Matching FORTRAN rounding in C#

Question

FORTRAN provides several functions to convert a double precision number to an integral value. The method used for truncation/rounding differs. I am converting complex scientific algorithms which use these.

According to FORTRAN documentation:
aint(x) returns the integral value between x and 0, nearest x.
anint(x) returns the nearest integral value to x, except halfway cases are rounded to the integral value larger in magnitude.
nint(x) converts x into int format rounding to the nearest int value, except halfway cases are rounded to the int value larger in magnitude.

Does anyone have an implementation of these in C#? It might be tricky getting it right.

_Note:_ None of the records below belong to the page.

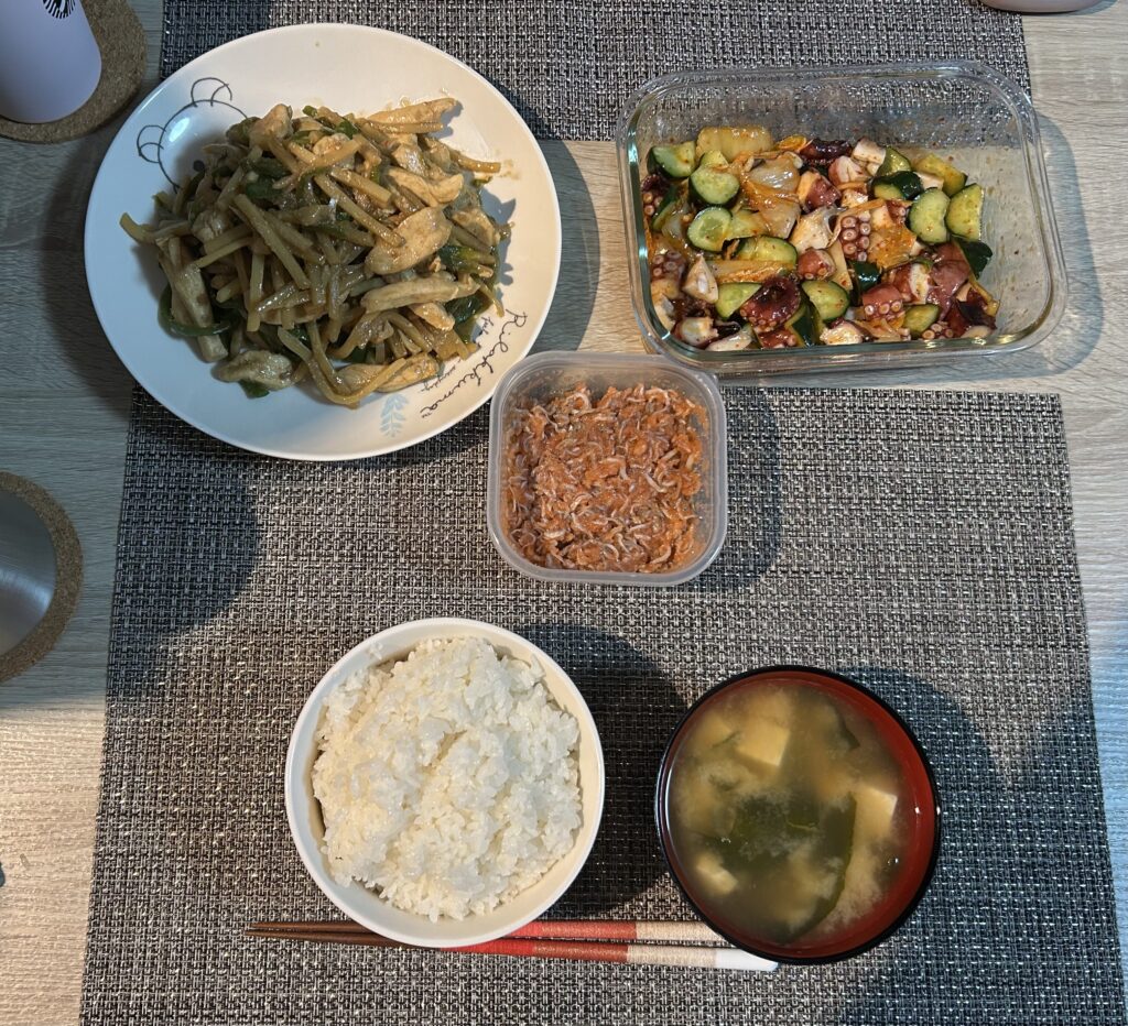 今日の夕食は①ご飯②味噌汁③じゃこ明太④たこキムチ⑤青椒肉絲でした。今日も彼女様が腕を奮って美味しいご飯を作ってくれました。なんか、暇だったからこそ疲れて、より一層上手く感じましたし、酒も飲んじゃったし、ご飯も久しぶりにおかわりしちゃいました。痩せれんわ。こりゃ。
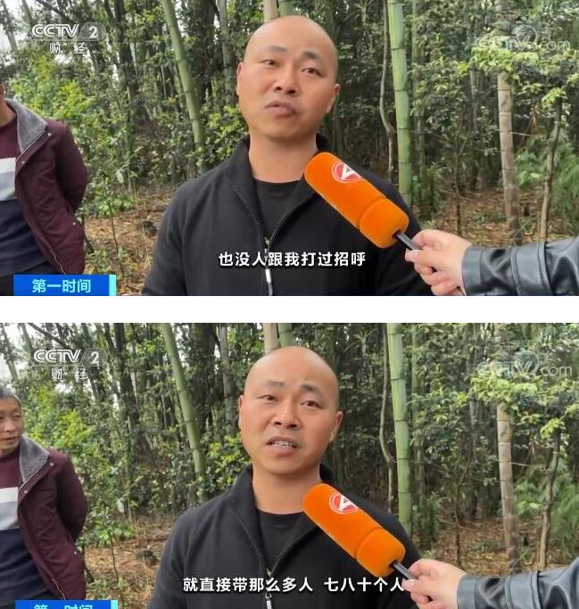 村民 张先生:每人都提了一口袋,有剥了壳的,有没剥壳的。我们就问他,你们这些笋是从哪里挖的?他说导游带他们来采挖体验基地,当时我很气,说真的,又没有人跟我说过什么挖笋体验或者是什么的,也没人跟我打过招呼,就直接带那么多人来我竹林里面挖笋。
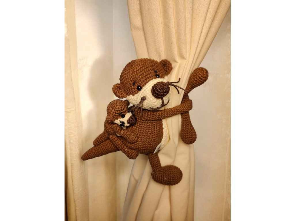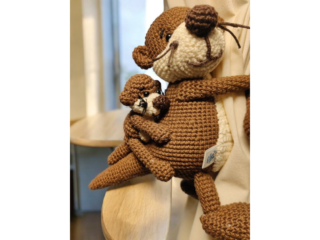 Seznamte se s roztomilou háčkovanou vydrou, kterou pevně objímá její malé mládě držící se zuby i drápky na zádech. Podrobný návod vás provede krok za krokem při tvorbě něžné dekorace nebo originálního dárku, který okouzlí každého milovníka háčkovaných zvířátek.
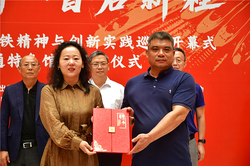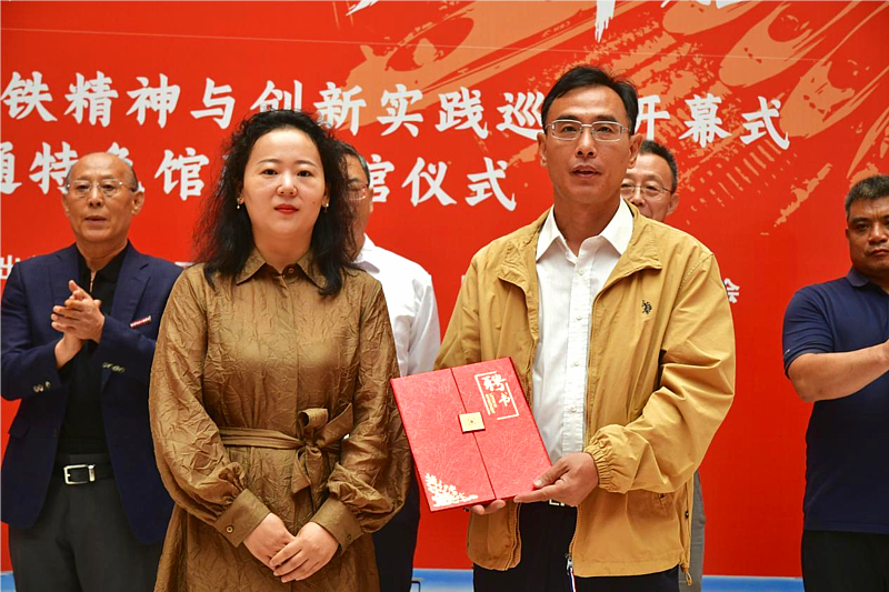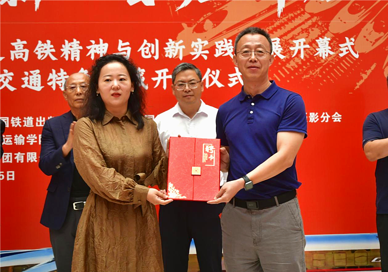 执行理事张慧和中铁第五勘察设计院集团有限公司西北区指挥部总经理王智为轨道交通特色馆藏揭牌
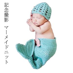送料無料 寝相アート マーメイド ニューボーンフォト ベビー ニット 衣裳 コスチューム 人魚 衣裳 ペーパーフラワー 2点セット 帽子 写真撮影 記
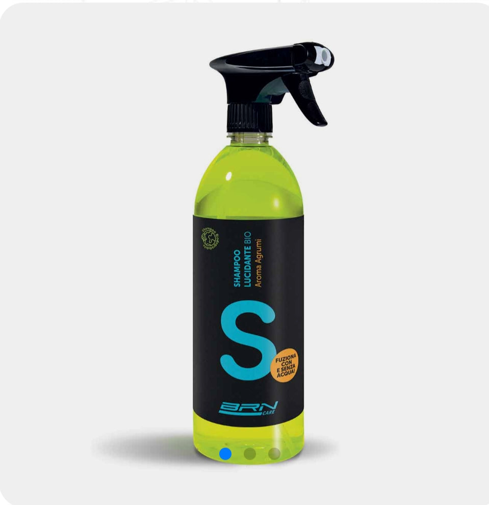 Shampoo lucidante 100% biodegradabile alla fragranza di agrumi. La sua formula è studiata per eliminare fango, catrame, polvere, grasso ed altri tipi di sporco dalla bicicletta in modo semplice e rapido, lasciandola pulita e con una lucentezza perfetta. Può essere utilizzato con e senza acqua semplicemente abbassando o alzando il beccuccio.
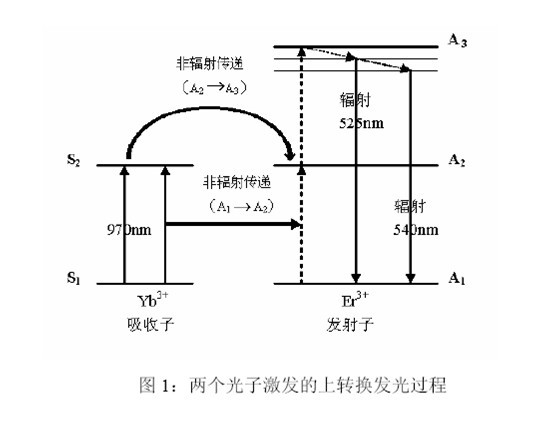 自然界中存在很多有機或無(wú)機物質(zhì),它們可以在電磁輻射激發(fā)下發(fā)射熒光或磷光,且在發(fā)光過(guò)程中遵守Stokes 規則,即發(fā)射光的波長(cháng)長(cháng)于激發(fā)光的波長(cháng)。而在20 世紀70 年代,科學(xué)家們卻合成了一類(lèi)可以反Stokes 規則產(chǎn)生磷光的特殊材料,即UCP。UCP 在紅外光區(波長(cháng)>780nm)被激發(fā),卻可以發(fā)射波長(cháng)遠短于激發(fā)光的可見(jiàn)光(波長(cháng)475nm-670nm),即能量上轉換。物質(zhì)構成決定性質(zhì)特點(diǎn)。UCP 是由稀土金屬元素摻雜于晶體的晶格中構成的。在這種材料中有三種主要的成分:主基質(zhì)(Host Matrix)、吸收子(Absorber)和發(fā)射子(Emitter)。作為主基質(zhì)的晶體材料有:氧硫化物(如Y2O2S、GdO2S、La2O2S 等)、氟化物(如YF3、GdF3、LaF3 等)、鎵酸鹽(如YGaO3、Y3Ga5O12 等)以及硅酸鹽(如YSi2O5、YSi3O7 等)等;常用作吸收子的稀土金屬離子有:鐿離子(Yb3+)、鉺離子(Er3+)、釤離子(Sm3+)等;常用作發(fā)射子的稀土金屬離子有:鉺離子(Er3+)、鈥離子(Ho3+)、銩離子(Tm3+)、鋱離子(Tb3+)等。吸收子和發(fā)射子這一離子對在主基質(zhì)晶格內適宜的空間取向和距離,是產(chǎn)生上轉換發(fā)光的基礎。上轉換發(fā)光的產(chǎn)生是一個(gè)涉及多個(gè)(至少兩個(gè))光子的光學(xué)過(guò)程。在這個(gè)過(guò)程中(如圖1),UCP 內的吸收子(如Yb3+)至少要吸收兩個(gè)低能量光子(紅外光區,如970nm),而后經(jīng)過(guò)一系列內部能量轉換,以非輻射的形式(A1→A2,A2→A3)將這兩個(gè)光子的能量連續傳遞給發(fā)射子(如Er3+),以使其處于激發(fā)態(tài)(A3)。后者接著(zhù)發(fā)生一個(gè)返回基態(tài)能級的躍遷,釋放一個(gè)高能光子(可見(jiàn)光區,如525nm 或540nm),完成能量上轉換。

(int)x appears to match aint()
Convert.ToInt32(x) does not match any of the above.
Trunc(x) does not match any of the above.
Round(x) might match anint or nint.

The difference between anint and nint seems to be the return type, where anint returns a double precision value but nint returns an integer. Both are used (acutal sample):
DOUBLE PRECISION A, B, C, D, E, F, G
... values set here ...
F = ANINT(A-B) + ANINT(C-D) + ANINT(B+D-E)
G = NINT(F) + 1D0;
Perhaps a FORTRAN expert could help clarify why the author chose to use both (I am assuming it was intentional).

Answer 1

From your definitions of the calls, nint and anint are provided by Math.Round using MidpointRounding.AwayFromZero.

For aint, an explicit cast from double to int will achieve that result.

Answer 2

From what I can see, aint() is just Math.Floor().

For the other two, I think you are right that the only difference is the return type: nint() returns an actual integer, while anint() returns a double (fortran: real) that happens to have an integral value.